Cohen: That's exactly what that looked like.
Hernandez: How about that.
Cohen: It's a bit of a surprise.
Hernandez: Well, it's Sunday. [Painfully awkward pause follows.]
Cohen: Yeah?
Hernandez: Did you, did you go to temple today?
Cohen: Not on Sunday, Keith. Saturday.
Hernandez: Oh! Excuse me, I've got it wrong, don't I. I've gotta get my facts straight.
Cohen [laughing]: We'll have the course in comparative religion right after the game.
Hernandez: No no no, we don't have to. I had my catechism when I was young, please.
ESPN New York reporter Adam Rubin filled in the particulars on Warthen's headwear the following day (it's toward the bottom of this post):
"Yes, that was Dan Warthen spotted wearing a yarmulke in the dugout when he removed his Mets cap during Sunday's game. The pitching coach explained that [first baseman] Ike Davis had received Mets yarmulkes from a rabbi, and gave one to Warthen. Warthen, who is Jewish, forgot he had it on when he placed his cap on and went out for the game, he indicated."
The thing is, baseball players spend most of their time wearing caps, and football and hockey players wear helmets. So even if a player in these sports chose to wear a yarmulke, we'd rarely get a peek at it. (And besides, Steinmetz says, "Jews don't play football -- our moms don't let us.")
That brings us back to basketball. Although the sport was once dominated by Jews, and a Jew scored the first basket in NBA history, there's never been a yarmulke-clad player in the NBA. Would Liberman, the freshman at Northwestern, like to be the first?
"If I can get there, why not?" he says. "But I'm just taking it one step at a time for now."
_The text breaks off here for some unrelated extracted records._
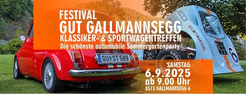 Automobile Sommergartenparty für Oldtimer & Sportwagen am Samstag, 6.9.25 ab 9 Uhr am Gut Gallmannsegg 6, 8573 Kainach bei Voitsberg. „Concorso d'Eleganza", Livemusik und Marktplatz runden das Programm ab.
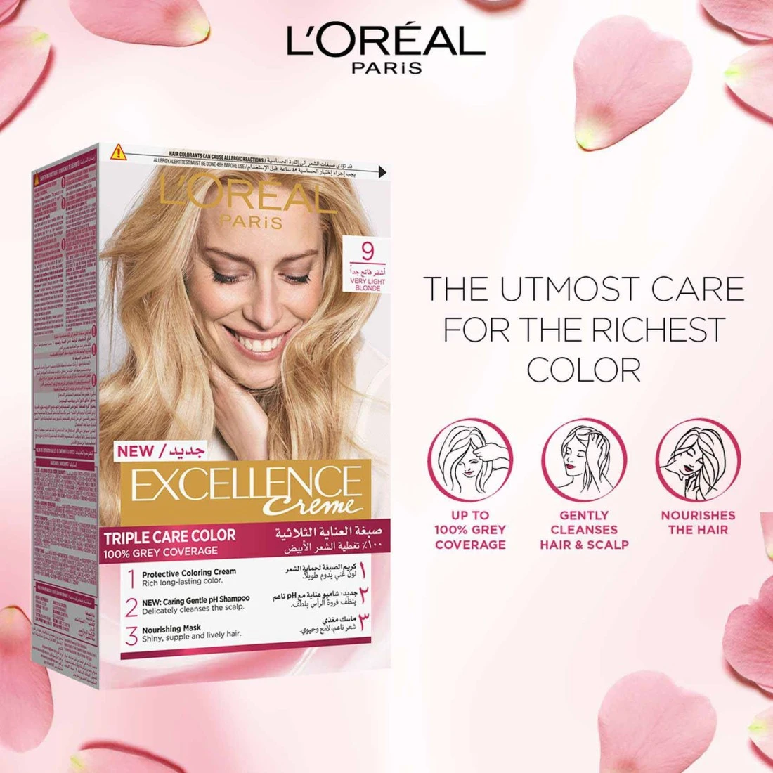 لوريال باريس إكسلنس كريم العناية الثلاثية لتلوين الشعر الدائم 9 - أشقر فاتح جدًا
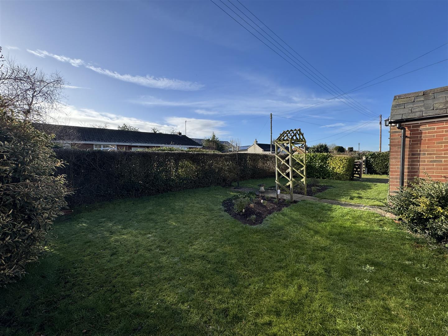 The property sits centrally within a generous plot. The front gardens are laid to lawn with planted borders and path to the front door. A pedestrian side access, to the other side of the property, leads to the rear gardens which comprises of a large patio seating area, wooden shed, outside water tap, outside power points, steps to the main garden which is laid to lawn and all enclosed by fencing. The rear gardens measure approximately 50' deep x 72' wide.
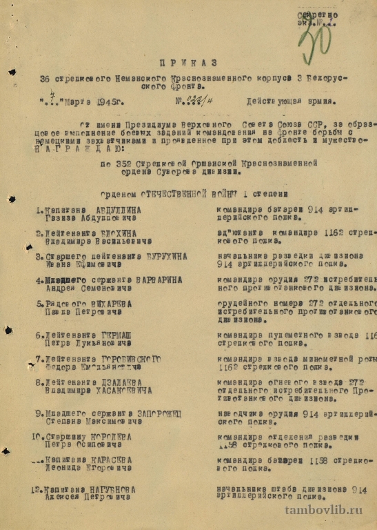 Приказ о награждении Алексея Петровича Нагубнова Орденом Отечественной войны I степени
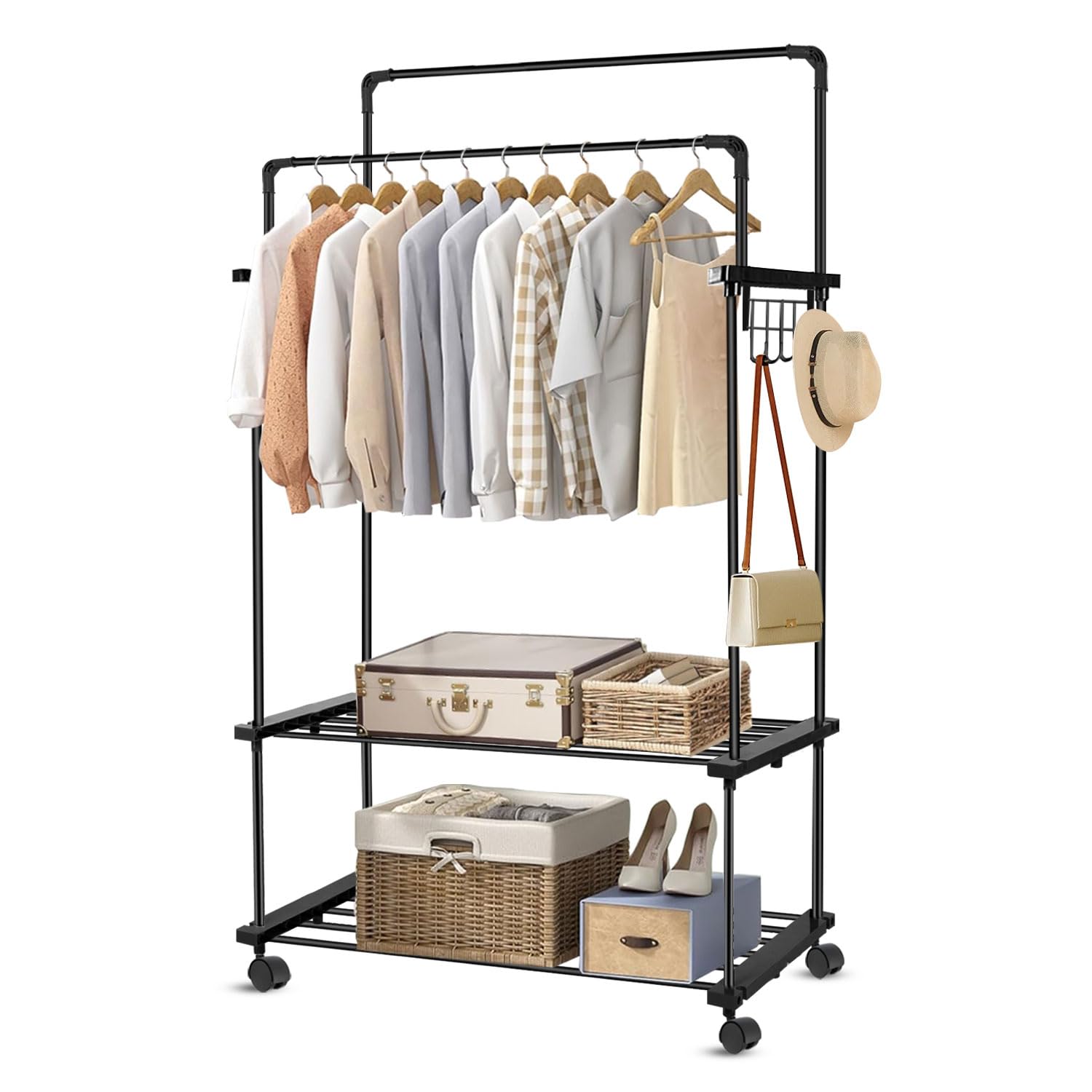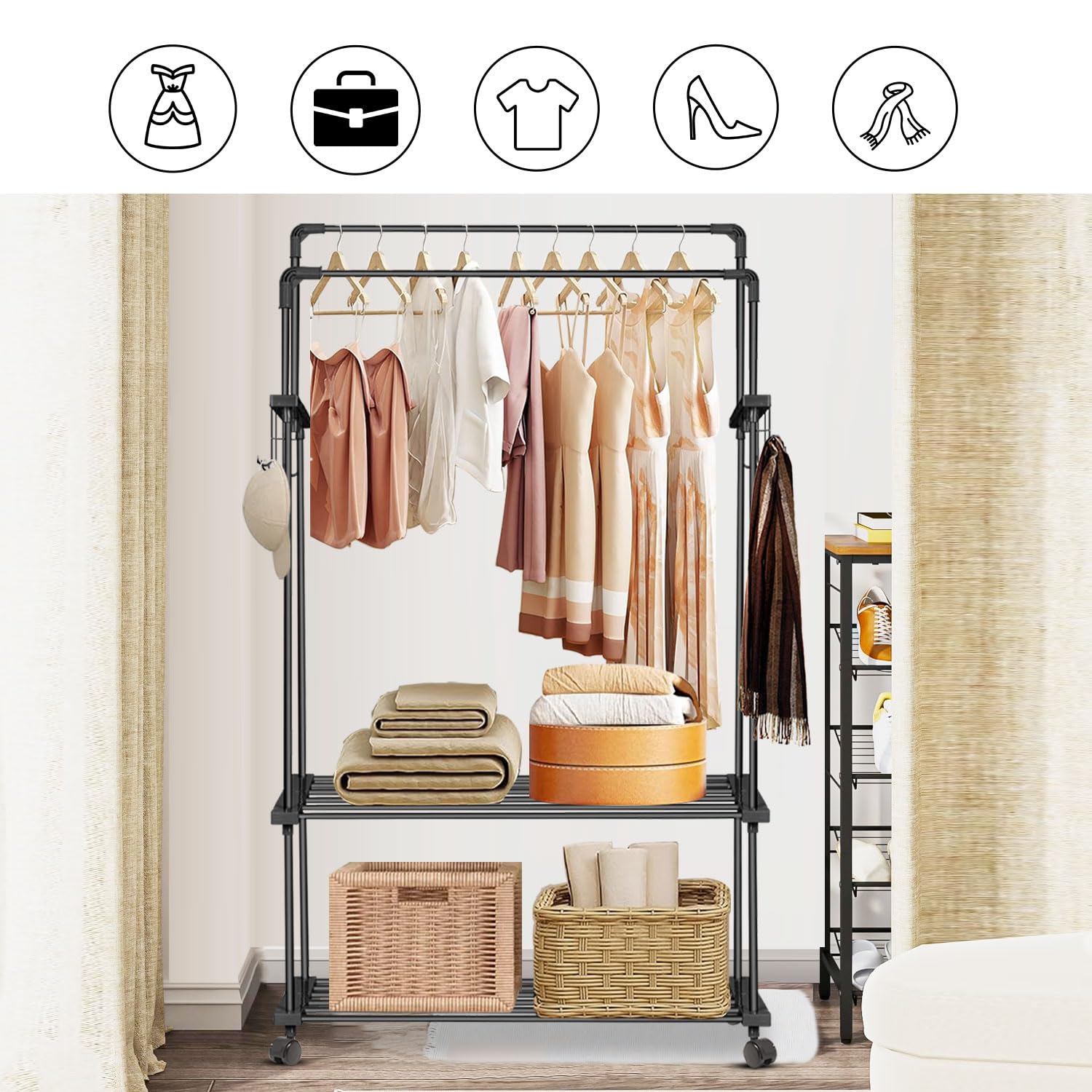 [STURDY AND DURABLE]: Clothing racks on wheels made of premium metal tubes, ensure excellent strength and stability, are absolutely sturdy, and can easily support a load of clothing on hangers along with stacks of blankets or towels. Multiple spraying processes are more waterproof and wear-resistant.

Fair enough. For his part, Steinmetz says observant Jewish players have a tough mountain to climb. "You have to remember, when these Orthodox kids are in high school, like the ones I coach, they love basketball and some of them have real ability, but it's not the focus of their lives," he says. "They're mostly focused on their SATs and getting into a good college."
In other words, they're nice Jewish boys -- probably too nice to make it to the NBA. Oy, such a pity.